**Assigned task**
Please repeat only the lines below starting at the line that holds "Baseball American Flag" and ending at the line that holds "Ardene Lace Trim", exactly, with both of those lines included and every picture omitted.

**Dataset**
* * *

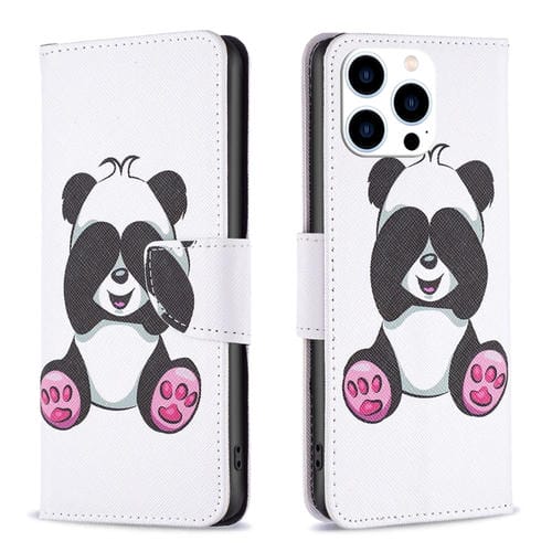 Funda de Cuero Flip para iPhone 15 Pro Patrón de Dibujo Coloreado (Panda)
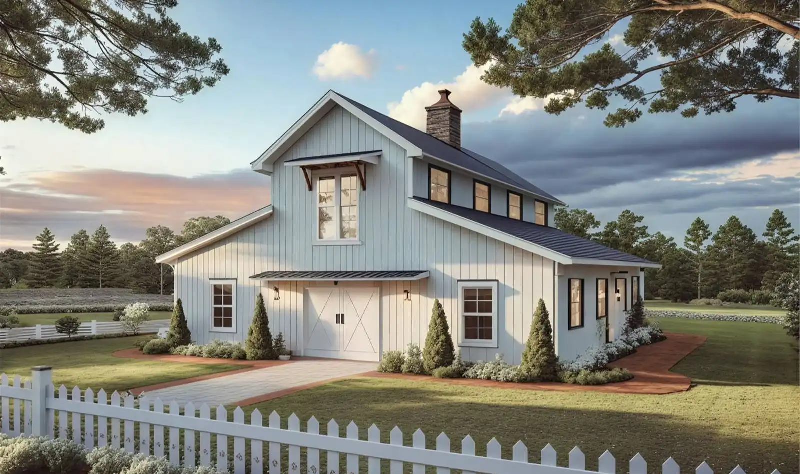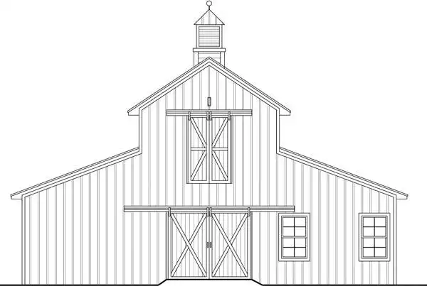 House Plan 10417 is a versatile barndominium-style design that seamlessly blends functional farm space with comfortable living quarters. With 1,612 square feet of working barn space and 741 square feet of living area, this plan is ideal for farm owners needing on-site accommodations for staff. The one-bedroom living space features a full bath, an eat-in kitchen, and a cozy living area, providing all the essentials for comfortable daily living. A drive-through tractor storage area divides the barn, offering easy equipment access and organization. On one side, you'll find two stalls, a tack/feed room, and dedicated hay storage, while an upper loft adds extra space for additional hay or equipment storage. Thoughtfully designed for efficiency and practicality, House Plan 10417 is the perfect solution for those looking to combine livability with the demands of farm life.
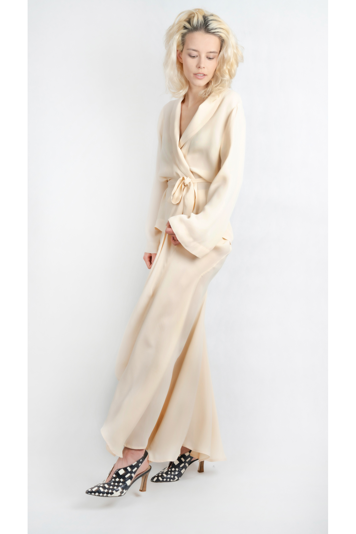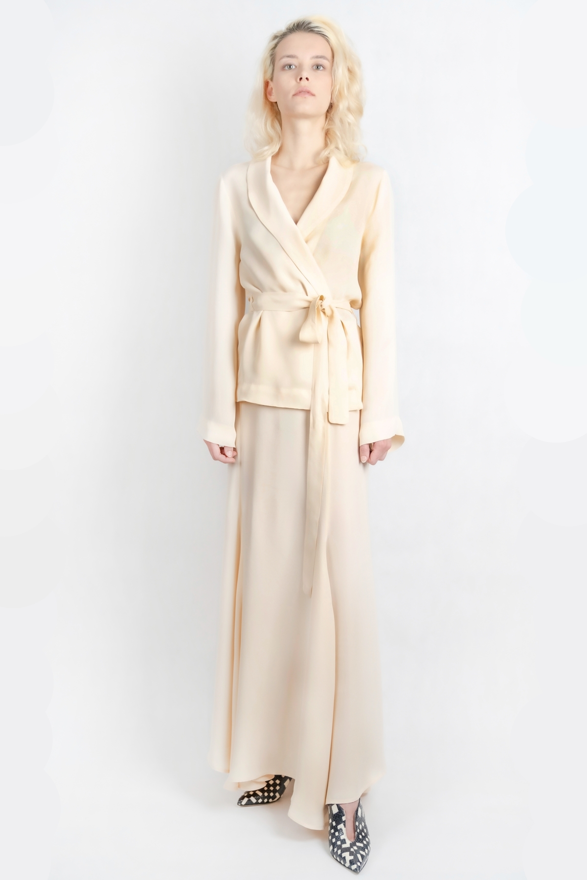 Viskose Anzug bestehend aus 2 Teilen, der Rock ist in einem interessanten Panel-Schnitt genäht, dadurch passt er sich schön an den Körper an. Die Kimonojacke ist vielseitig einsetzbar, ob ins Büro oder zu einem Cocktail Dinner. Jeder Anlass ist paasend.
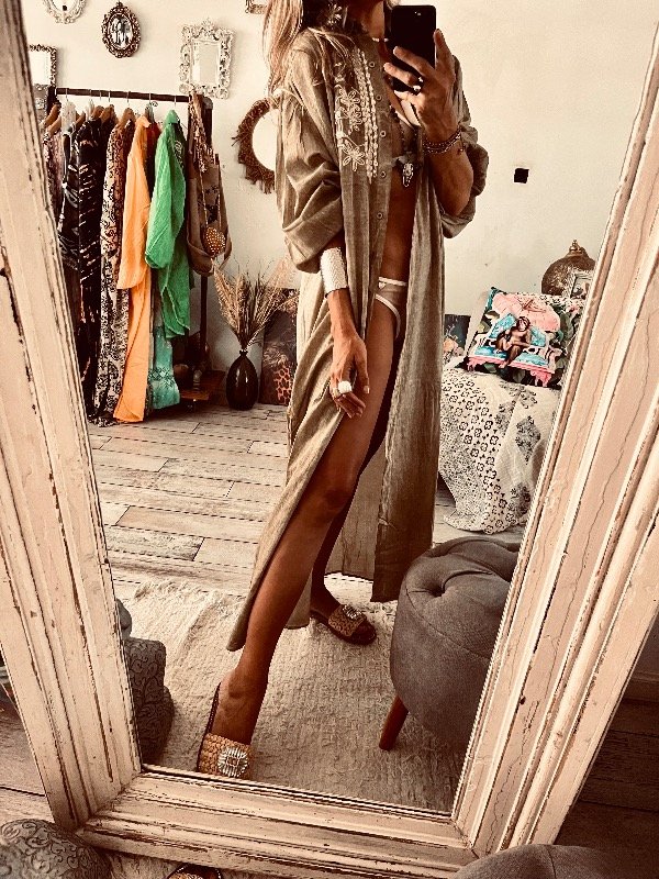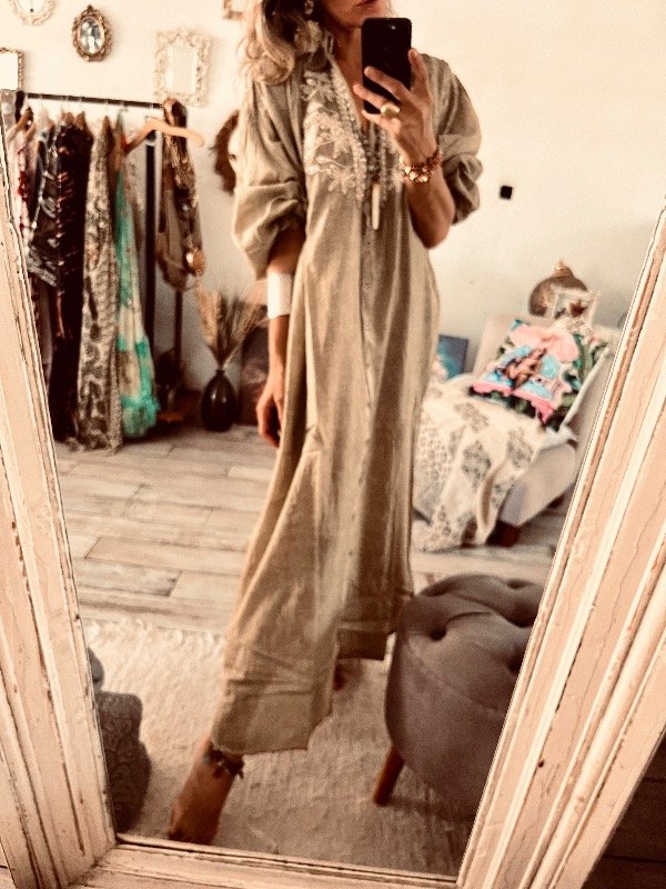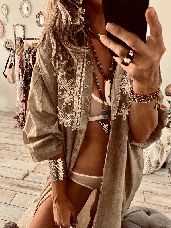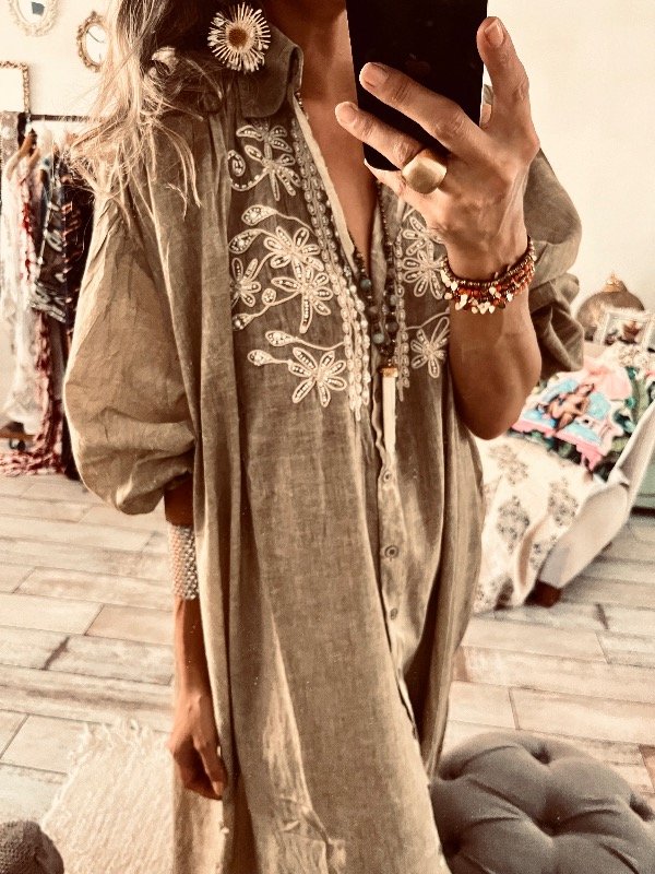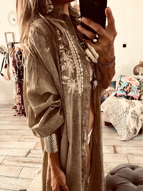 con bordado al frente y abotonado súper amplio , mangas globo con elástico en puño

* * *

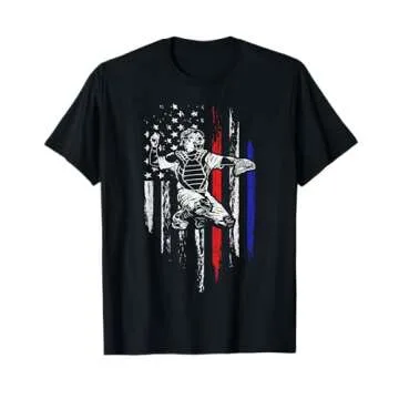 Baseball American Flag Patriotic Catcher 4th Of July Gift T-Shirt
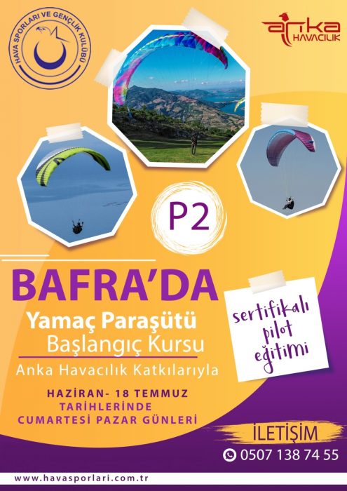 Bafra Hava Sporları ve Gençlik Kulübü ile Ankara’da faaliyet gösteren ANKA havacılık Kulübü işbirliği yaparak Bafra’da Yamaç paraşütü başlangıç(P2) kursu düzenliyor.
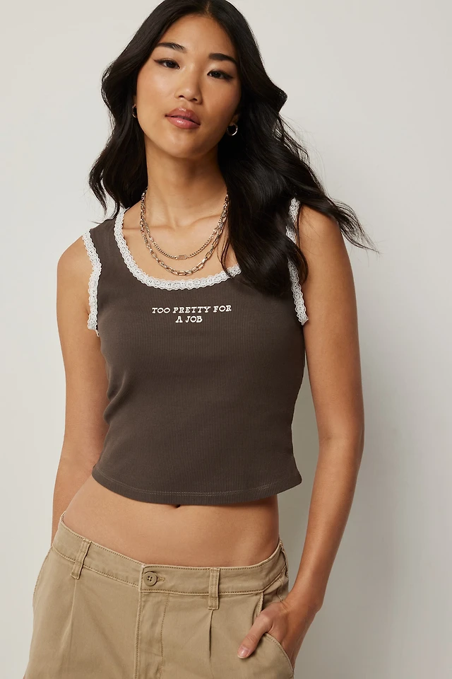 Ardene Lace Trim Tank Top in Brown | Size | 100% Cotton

* * *

**Solution for this exercise**
 Baseball American Flag Patriotic Catcher 4th Of July Gift T-Shirt
 Bafra Hava Sporları ve Gençlik Kulübü ile Ankara’da faaliyet gösteren ANKA havacılık Kulübü işbirliği yaparak Bafra’da Yamaç paraşütü başlangıç(P2) kursu düzenliyor.
 Ardene Lace Trim Tank Top in Brown | Size | 100% Cotton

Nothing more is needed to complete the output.